EXERCISE DIRECTIONS
Below are some entries. Transcribe the lines from the one holding "CALCOLATRICE GST offre" to the one holding "Rustic Abstract Maroon Bloom Kurta", inclusive, but not the pictures among them.

RAW DATA
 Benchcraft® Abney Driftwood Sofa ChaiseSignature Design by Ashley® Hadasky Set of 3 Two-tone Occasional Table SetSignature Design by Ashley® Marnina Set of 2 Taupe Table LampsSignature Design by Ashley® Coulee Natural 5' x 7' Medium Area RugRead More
* * *
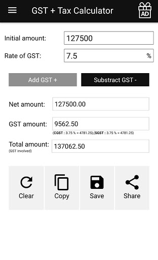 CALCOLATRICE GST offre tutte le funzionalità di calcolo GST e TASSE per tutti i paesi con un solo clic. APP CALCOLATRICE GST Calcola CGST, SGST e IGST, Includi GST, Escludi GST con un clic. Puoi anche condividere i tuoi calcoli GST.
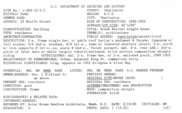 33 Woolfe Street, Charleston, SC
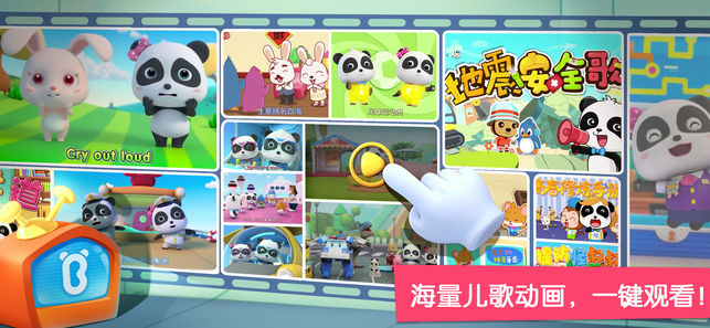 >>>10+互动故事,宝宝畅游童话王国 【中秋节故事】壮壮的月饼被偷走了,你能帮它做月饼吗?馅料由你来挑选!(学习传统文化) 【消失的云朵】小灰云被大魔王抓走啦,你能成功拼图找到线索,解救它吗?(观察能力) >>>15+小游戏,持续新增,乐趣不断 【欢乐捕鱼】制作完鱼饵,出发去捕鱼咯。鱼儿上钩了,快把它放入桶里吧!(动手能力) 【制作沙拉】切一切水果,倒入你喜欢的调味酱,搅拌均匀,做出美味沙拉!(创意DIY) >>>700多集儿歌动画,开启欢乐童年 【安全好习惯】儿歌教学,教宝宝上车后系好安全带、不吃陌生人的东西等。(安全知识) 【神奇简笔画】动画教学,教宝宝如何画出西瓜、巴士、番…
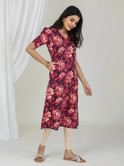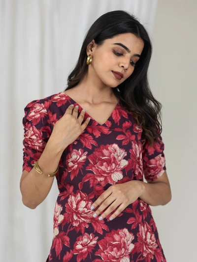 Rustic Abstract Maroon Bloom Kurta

WRITTEN REPLY
 CALCOLATRICE GST offre tutte le funzionalità di calcolo GST e TASSE per tutti i paesi con un solo clic. APP CALCOLATRICE GST Calcola CGST, SGST e IGST, Includi GST, Escludi GST con un clic. Puoi anche condividere i tuoi calcoli GST.
 33 Woolfe Street, Charleston, SC
 >>>10+互动故事,宝宝畅游童话王国 【中秋节故事】壮壮的月饼被偷走了,你能帮它做月饼吗?馅料由你来挑选!(学习传统文化) 【消失的云朵】小灰云被大魔王抓走啦,你能成功拼图找到线索,解救它吗?(观察能力) >>>15+小游戏,持续新增,乐趣不断 【欢乐捕鱼】制作完鱼饵,出发去捕鱼咯。鱼儿上钩了,快把它放入桶里吧!(动手能力) 【制作沙拉】切一切水果,倒入你喜欢的调味酱,搅拌均匀,做出美味沙拉!(创意DIY) >>>700多集儿歌动画,开启欢乐童年 【安全好习惯】儿歌教学,教宝宝上车后系好安全带、不吃陌生人的东西等。(安全知识) 【神奇简笔画】动画教学,教宝宝如何画出西瓜、巴士、番…
 Rustic Abstract Maroon Bloom Kurta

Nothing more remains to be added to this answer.